↓
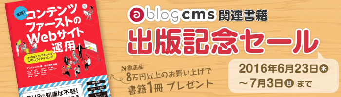 a-blog cms 関連書籍「実践! コンテンツファーストのWebサイト運用」が7月2日(土)に発売されます。関連書籍の発売と、 a-blog cms の7周年を記念し、日頃の感謝の気持ちを込めてスタンダードライセンスとオプションがセットになったお値打ちなライセンスコードを特別価格でご提供いたします。
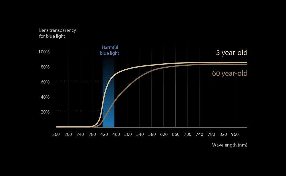 Ponieważ oczy dzieci nie są jeszcze w pełni rozwinięte i mają bardziej przezroczystą soczewkę i rogówkę, szkodliwe światło niebieskie może łatwiej przenikać oko, co z kolei może doprowadzić do przedwczesnego starzenia się siatkówki.
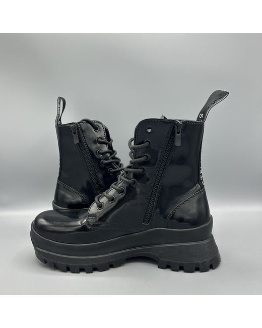 The Stella McCartney Trace Brushoff Black Vibram Sole Combat Boots in UK size 3, EU size 36, and US size 6 are a stylish and versatile choice for women. With a sleek black synthetic upper and ankle shaft style, these boots features a zip closure and round toe shape. Perfect for travel or casual occasions, these combat-style boots from the renowned Stella McCartney brand are made in Italy and offer standard shoe width for a comfortable fit. Ideal for those looking for a chic and practical footwear option.
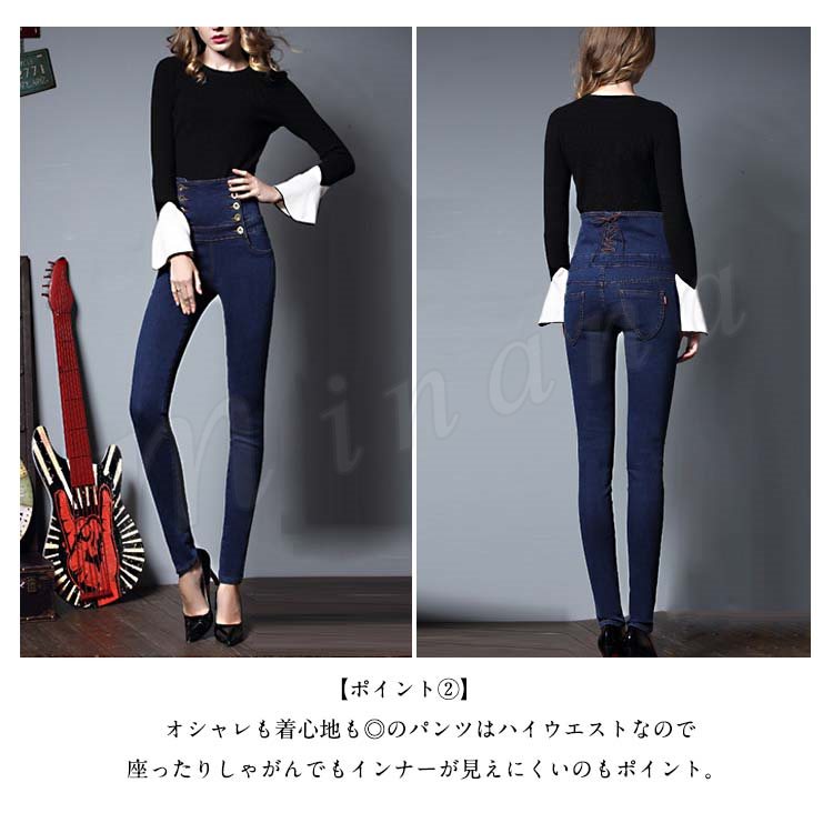 | 吸い付く様なフィット感のあるデニムパンツ♪ ハイウエストでウエスト位置を高く見せます。 キュッと締めてスタイルUP効果を驚くほど発揮☆ スタイリングのおしゃれPOINTになること間違いなし★ | |
↑
Output exactly the span of lines from the top of the listing through the line holding "Ponieważ oczy dzieci", and leave every picture out.

 a-blog cms 関連書籍「実践! コンテンツファーストのWebサイト運用」が7月2日(土)に発売されます。関連書籍の発売と、 a-blog cms の7周年を記念し、日頃の感謝の気持ちを込めてスタンダードライセンスとオプションがセットになったお値打ちなライセンスコードを特別価格でご提供いたします。
 Ponieważ oczy dzieci nie są jeszcze w pełni rozwinięte i mają bardziej przezroczystą soczewkę i rogówkę, szkodliwe światło niebieskie może łatwiej przenikać oko, co z kolei może doprowadzić do przedwczesnego starzenia się siatkówki.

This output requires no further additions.